• **DATA FOR REVIEW**
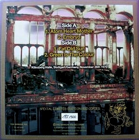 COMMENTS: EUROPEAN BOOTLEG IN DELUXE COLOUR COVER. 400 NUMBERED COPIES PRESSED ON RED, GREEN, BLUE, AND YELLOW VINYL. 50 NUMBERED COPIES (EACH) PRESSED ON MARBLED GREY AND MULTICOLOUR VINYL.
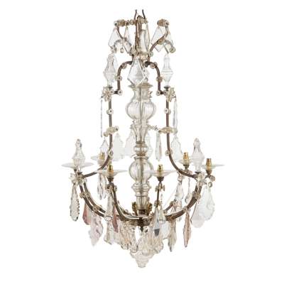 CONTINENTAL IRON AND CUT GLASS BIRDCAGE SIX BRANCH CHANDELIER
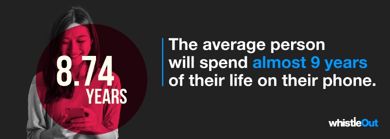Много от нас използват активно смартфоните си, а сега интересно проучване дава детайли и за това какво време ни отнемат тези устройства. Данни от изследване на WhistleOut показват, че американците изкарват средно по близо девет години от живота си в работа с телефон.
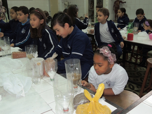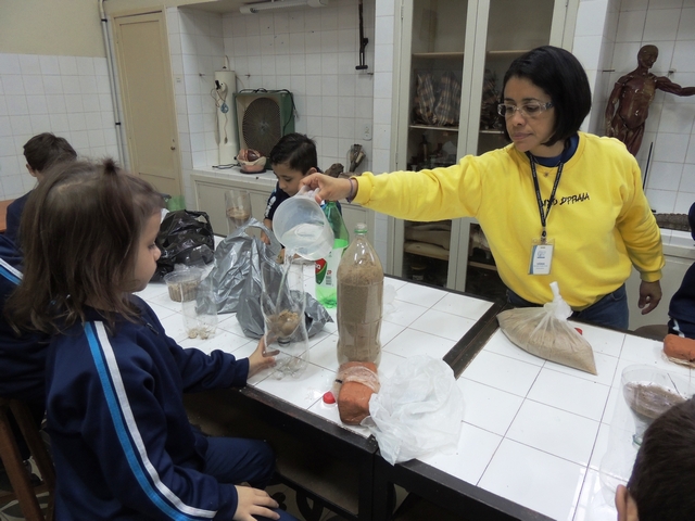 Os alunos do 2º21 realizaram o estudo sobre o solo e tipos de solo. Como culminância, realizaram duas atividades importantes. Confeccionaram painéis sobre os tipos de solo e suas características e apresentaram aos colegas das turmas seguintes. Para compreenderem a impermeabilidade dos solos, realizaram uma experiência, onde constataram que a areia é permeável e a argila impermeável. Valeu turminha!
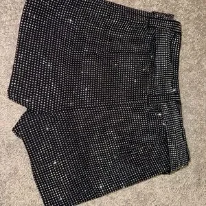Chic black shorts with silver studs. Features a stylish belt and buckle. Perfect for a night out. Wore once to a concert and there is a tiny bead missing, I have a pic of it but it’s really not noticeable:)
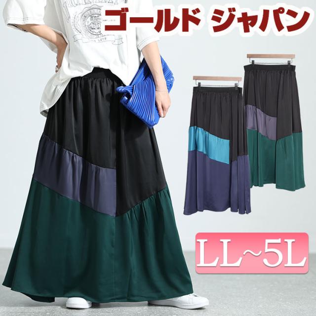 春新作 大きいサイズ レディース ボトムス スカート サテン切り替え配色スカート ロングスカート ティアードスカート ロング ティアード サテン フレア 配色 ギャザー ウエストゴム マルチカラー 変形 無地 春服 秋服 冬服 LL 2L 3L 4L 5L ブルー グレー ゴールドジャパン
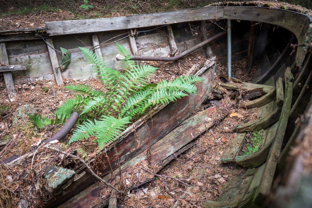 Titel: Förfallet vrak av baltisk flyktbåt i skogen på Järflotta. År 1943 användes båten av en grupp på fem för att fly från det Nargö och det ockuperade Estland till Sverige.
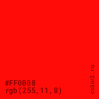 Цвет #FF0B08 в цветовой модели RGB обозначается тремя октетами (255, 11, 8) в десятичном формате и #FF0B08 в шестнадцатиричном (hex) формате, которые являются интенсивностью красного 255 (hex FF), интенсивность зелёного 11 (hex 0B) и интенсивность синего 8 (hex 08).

--

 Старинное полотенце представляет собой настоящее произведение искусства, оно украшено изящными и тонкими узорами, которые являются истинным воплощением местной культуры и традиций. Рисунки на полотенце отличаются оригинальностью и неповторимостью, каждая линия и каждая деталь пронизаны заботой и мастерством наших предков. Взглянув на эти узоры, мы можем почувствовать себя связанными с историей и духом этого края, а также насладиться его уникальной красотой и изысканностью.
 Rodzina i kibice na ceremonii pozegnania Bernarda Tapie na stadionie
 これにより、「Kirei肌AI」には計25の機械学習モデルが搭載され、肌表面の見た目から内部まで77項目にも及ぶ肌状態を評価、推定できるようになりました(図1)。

---

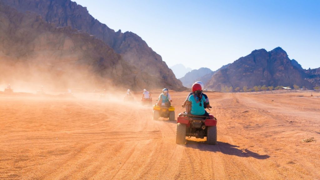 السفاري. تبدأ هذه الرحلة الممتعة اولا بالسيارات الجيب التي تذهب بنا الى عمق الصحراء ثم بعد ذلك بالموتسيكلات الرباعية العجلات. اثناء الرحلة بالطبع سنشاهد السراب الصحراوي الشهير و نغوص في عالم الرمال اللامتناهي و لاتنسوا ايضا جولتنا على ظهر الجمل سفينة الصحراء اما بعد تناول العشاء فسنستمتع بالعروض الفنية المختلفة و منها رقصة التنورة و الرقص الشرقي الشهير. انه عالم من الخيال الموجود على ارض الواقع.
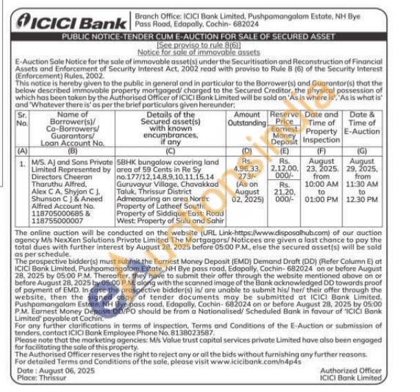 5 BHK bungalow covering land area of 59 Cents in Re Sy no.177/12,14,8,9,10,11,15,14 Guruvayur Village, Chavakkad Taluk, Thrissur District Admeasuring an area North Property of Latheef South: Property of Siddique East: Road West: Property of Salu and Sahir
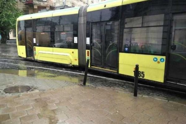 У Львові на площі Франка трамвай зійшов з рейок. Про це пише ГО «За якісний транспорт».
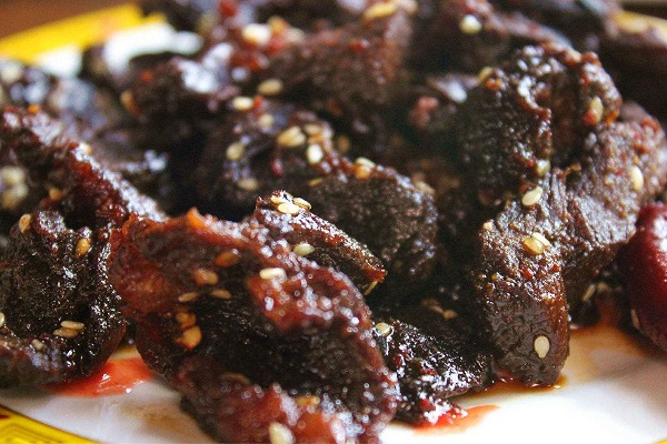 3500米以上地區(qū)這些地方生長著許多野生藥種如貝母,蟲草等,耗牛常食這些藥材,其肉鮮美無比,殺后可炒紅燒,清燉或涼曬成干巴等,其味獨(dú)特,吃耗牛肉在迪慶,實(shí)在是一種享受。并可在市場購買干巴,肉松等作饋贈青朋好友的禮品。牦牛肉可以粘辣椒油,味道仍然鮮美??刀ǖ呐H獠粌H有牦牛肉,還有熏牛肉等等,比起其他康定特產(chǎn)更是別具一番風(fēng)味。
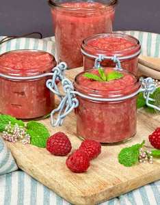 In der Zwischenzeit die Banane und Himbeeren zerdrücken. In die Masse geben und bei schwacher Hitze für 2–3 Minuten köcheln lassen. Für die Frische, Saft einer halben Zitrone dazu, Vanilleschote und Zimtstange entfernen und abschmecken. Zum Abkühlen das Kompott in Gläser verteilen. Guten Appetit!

• **WORK INSTRUCTION**
Take the material above from the line bearing "У Львові на" through the line bearing "3500米以上地區(qū)這" and write it out exactly, both end lines included. Pictures stay out.

• **EXERCISE ANSWER**
 У Львові на площі Франка трамвай зійшов з рейок. Про це пише ГО «За якісний транспорт».
 3500米以上地區(qū)這些地方生長著許多野生藥種如貝母,蟲草等,耗牛常食這些藥材,其肉鮮美無比,殺后可炒紅燒,清燉或涼曬成干巴等,其味獨(dú)特,吃耗牛肉在迪慶,實(shí)在是一種享受。并可在市場購買干巴,肉松等作饋贈青朋好友的禮品。牦牛肉可以粘辣椒油,味道仍然鮮美??刀ǖ呐H獠粌H有牦牛肉,還有熏牛肉等等,比起其他康定特產(chǎn)更是別具一番風(fēng)味。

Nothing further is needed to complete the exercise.